Parte del suo lavoro gli serviva per procurarsi il cibo e parte la distribuiva ai poveri; Atanasio scrive che pregava continuamente ed era così attento alla lettura delle Scritture, che ricordava tutto e la sua memoria sostituiva i libri.

Dopo qualche anno di questa edificante esperienza, in piena gioventù, cominciarono per lui durissime prove, pensieri osceni lo tormentavano, dubbi l’assalivano sulla opportunità di una vita così solitaria, non seguita dalla massa degli uomini né dagli ecclesiastici, l’istinto della carne e l’attaccamento ai beni materiali che erano sopiti in quegli anni, ritornavano prepotenti e incontrollabili. Chiese aiuto ad altri asceti che gli dissero di non spaventarsi, ma di andare avanti con fiducia, perché Dio era con lui e gli consigliarono di sbarazzarsi di tutti i legami e cose, per ritirarsi in un luogo più solitario.

Allora, coperto da un rude panno, si chiuse in una tomba scavata nella rocca nei pressi del villaggio di Coma.  In questo luogo, alle prime tentazioni, subentrarono terrificanti visioni e frastuoni, in più attraversò un periodo di terribile oscurità spirituale, ma tutto superò perseverando nella fede in Dio, compiendo giorno per giorno la sua volontà, come gli avevano insegnato i suoi maestri.

Quando alla fine Cristo gli si rivelò illuminandolo, egli chiese: Dov’eri? Perché non sei apparso fin da principio per far cessare le mie sofferenze?. Si sentì rispondere: “Antonio, io ero qui con te e assistevo alla tua lotta….

In seguito Antonio si spostò verso il Mar Rosso sul monte Pispir dove esisteva una fortezza romana abbandonata, con una fonte di acqua. Era il 285 e rimase in questo luogo per 20 anni, nutrendosi solo con il pane che gli veniva calato due volte all’anno. In questo luogo egli proseguì la sua ricerca di totale purificazione, pur essendo aspramente tormentato, secondo la leggenda, dal demonio.
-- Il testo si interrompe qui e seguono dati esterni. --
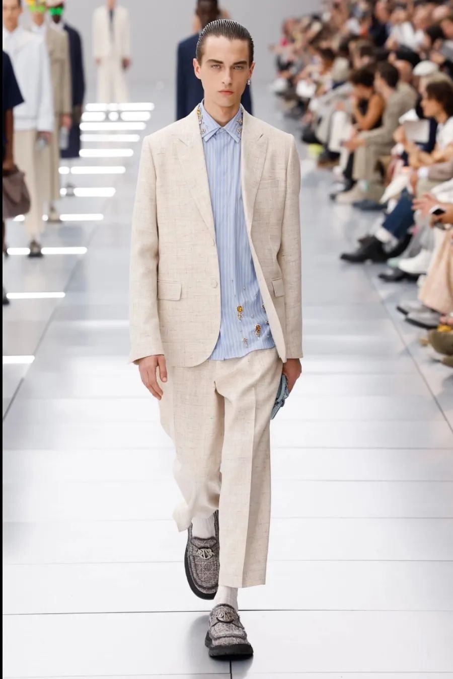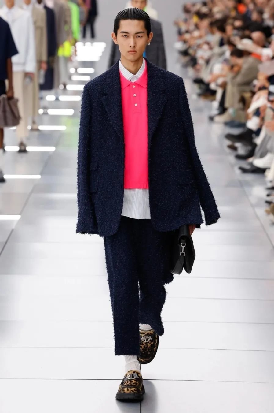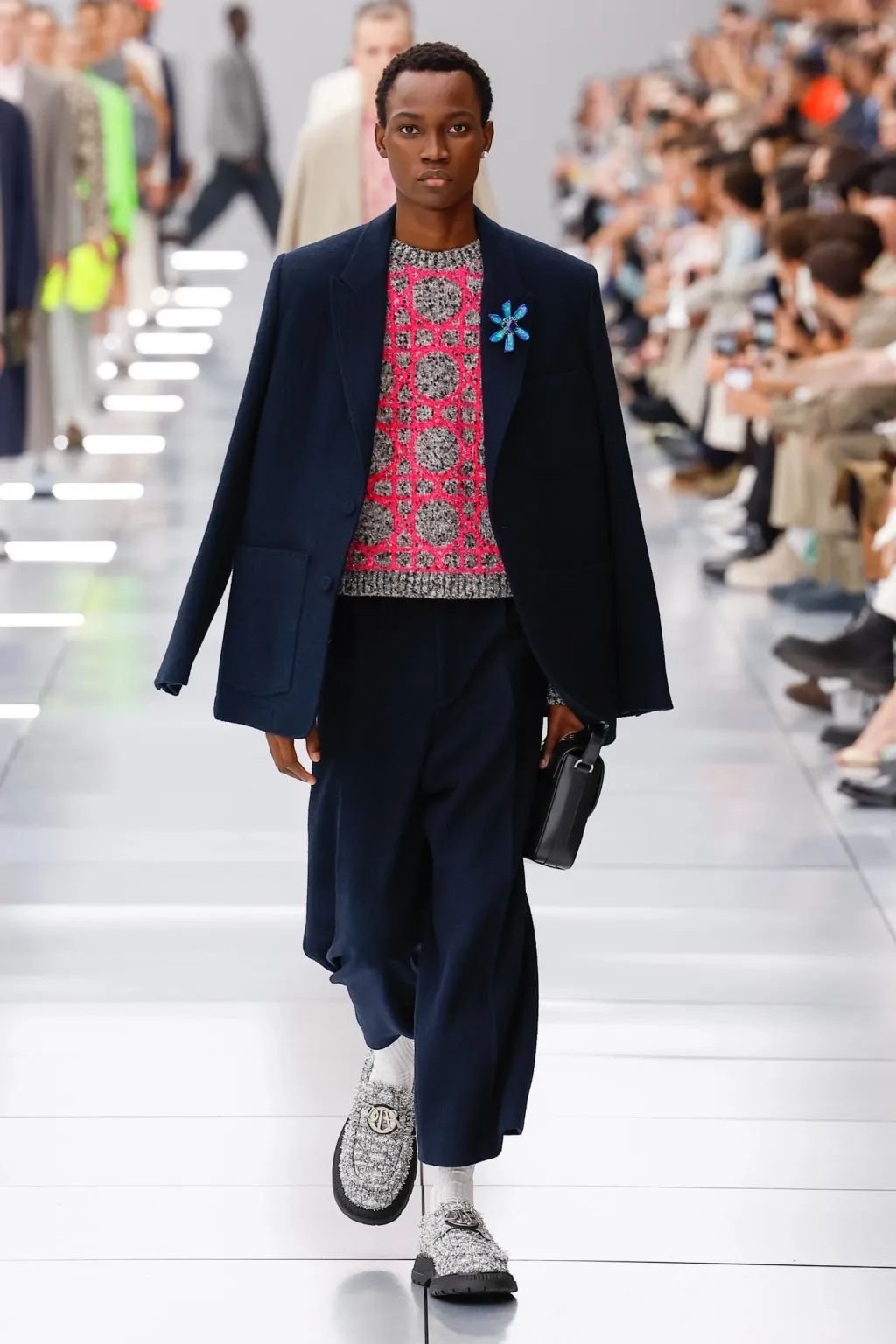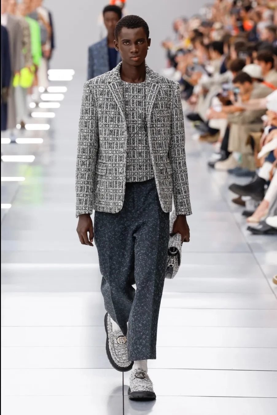 他在迪奥任职五年,为了庆祝这个里程碑,2024 春夏系列向品牌的高级订制传统致敬。以克里斯汀·迪奥(Christian Dior)与他的继任者们为灵感,继承了女装文化并应用于当代男装。荧光色和贯穿发布会的 Cannage 花篮纹成为亮点。

Con il tempo molte persone vollero stare vicino a lui e, abbattute le mura del fortino, liberarono Antonio dal suo rifugio. Antonio allora si dedicò a lenire i sofferenti operando, secondo tradizione, guarigioni e liberazioni dal demonio.

 

Il gruppo dei seguaci di Antonio si divise in due comunità, una ad oriente e l'altra ad occidente del fiume Nilo. Questi Padri del deserto vivevano in grotte e anfratti, ma sempre sotto la guida di un eremita più anziano e con Antonio come guida spirituale. La sua presenza aveva attirato tante persone desiderose di vita spirituale e tanti scelsero di essere monaci; così fra i monti della Tebaide (Alto Egitto) sorsero monasteri e il deserto si popolò di monaci; primi di quella moltitudine di uomini consacrati che in Oriente e in Occidente, intrapresero quel cammino da lui iniziato, ampliandolo e adattandolo alle esigenze dei tempi.

 

Visse i suoi ultimi anni nel deserto della Tebaide dove, pregando e coltivando un piccolo orto per il proprio sostentamento, morì, ultracentenario, il 17 gennaio 357. I suoi discepoli tramandarono alla Chiesa la sua sapienza, raccolta in 120 detti e in 20 lettere; nella Lettera 8,  Antonio scrisse ai suoi: Chiedete con cuore sincero quel grande Spirito di fuoco che io stesso ho ricevuto, ed esso vi sarà dato”.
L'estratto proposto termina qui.